When Ringer and I join the others, Oompa’s body is gone. They stashed him in one of the cars. Flint’s idea. Very similar to his idea for the rest of us.

“We’ve got good cover in here. I say we hunker down in the cars until pickup.”

“Only one person’s vote counts in this unit, Flint,” I tell him.

“Yeah, and how’s that working out for us?” he says, thrusting his chin toward me, mouth curled into a sneer. “Oh, I know. Let’s ask Oompa!”

“Flintstone,” Ringer says. “At ease. Zombie’s right.”

“Until you two walk into an ambush, and then I guess he’s wrong.”

“At which point you’re the C.O., and you can make the call,” I snap. “Dumbo, you’ve got Teacup duty.” If we can pry her off Ringer. She’s pasted herself back onto Ringer’s leg. “If we’re not back in thirty minutes, we’re not coming back.”

And then Ringer says, because she’s Ringer, “We’re coming back.”

59

THE TANKER’S BURNED down to its tires. Crouching in the pedestrian entrance to the garage, I point at the building across the street glowing orange in the firelight.

“That’s our entry point. Third window from the left-hand corner, completely busted out, see it?”

Ringer nods absently. Something’s on her mind. She keeps fiddling with the eyepiece, pulling it away from her eye, pushing it back again. The certainty she showed in front of the squad is gone.

“The impossible shot…,” she whispers. Then she turns to me. “How do you know when you’re going Dorothy?”

I shake my head. Where’s this coming from? “You’re not going Dorothy,” I tell her, and punctuate it with a pat on the arm.

“How can you be sure?” Eyes darting back and forth, restless, looking for somewhere to light. The way Tank’s eyes danced before he popped. “Crazy people—they never think they’re crazy. Their craziness makes perfect sense to them.”

There’s a desperate, very un-Ringerlike look in her eyes.
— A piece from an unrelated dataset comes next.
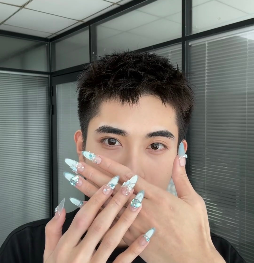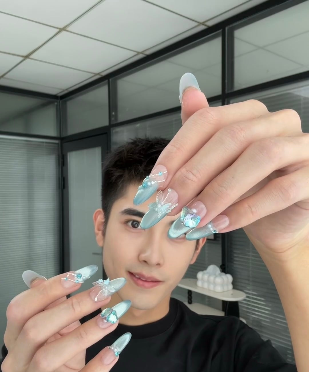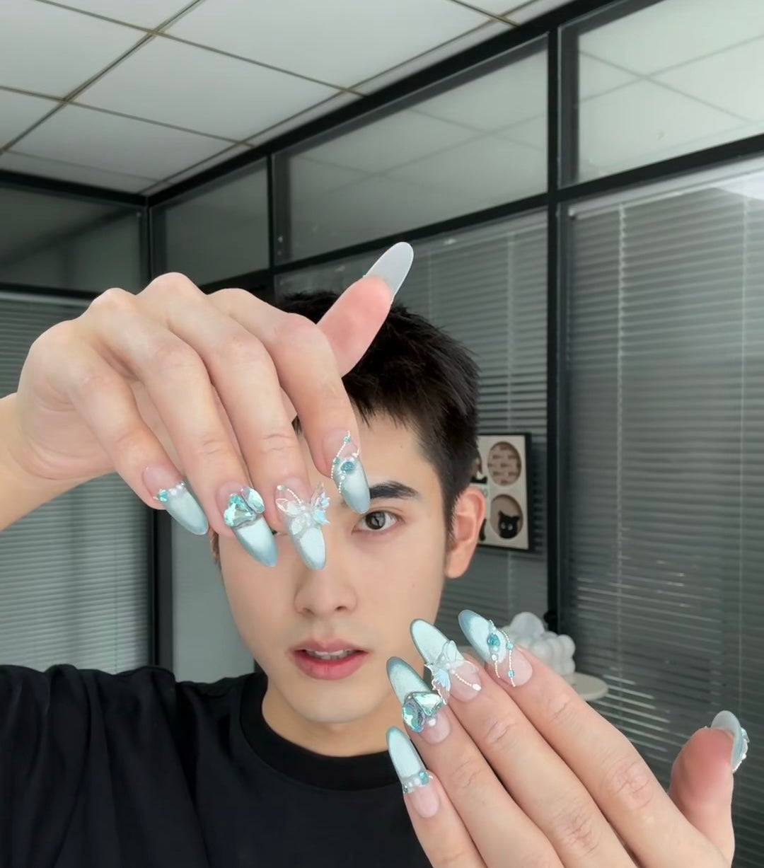 Elegant Blue Butterfly Nail Set with Gemstone Accents

“You’re not crazy. Trust me.”

Wrong thing to say.

“Why should I?” she shoots back. It’s the first time I’ve heard any emotion out of her. “Why should I trust you, and why should you trust me? How do you know I’m not one of them, Zombie?”

Finally, an easy question. “Because we’ve been screened. And we don’t light up in each other’s eyepieces.”

She looks at me for a very long moment, then she murmurs, “God, I wish you played chess.”

Our ten minutes are up. Above us, Poundcake opens up on the rooftop across the street; the sniper immediately returns fire; and we go. We’re barely off the curb when the asphalt explodes in front of us. We split up, Ringer zipping off to the right, me to the left, and I hear the whine of the bullet, a high-pitched sandpapery sound, about a month before it tears open the sleeve of my jacket. The instinct burned into me from months of drilling to return fire is very hard to resist. I leap onto the curb and in two strides I’m pressed hard against the comforting cold concrete of the building. That’s when I see Ringer slip on a patch of ice and fall face-first toward the curb. She waves me back. “No!” A round bites off a piece of the curbing that rakes across her neck. Screw her no. I bound over to her, grab her arm, and sling her toward the building. Another round whizzes past my head as I backpedal to safety.

She’s bleeding. The wound shimmers black in the firelight. She waves me on, Go, go. We trot along the side of the building to the broken window and dive inside.

Took less than a minute to cross. Felt like two hours.

We’re inside what used to be an upscale boutique. Looted several times over, full of empty racks and broken hangers, creepy headless mannequins and posters of overly serious fashion models on the walls. A sign on the service counter reads, GOING OUT OF BUSINESS SALE.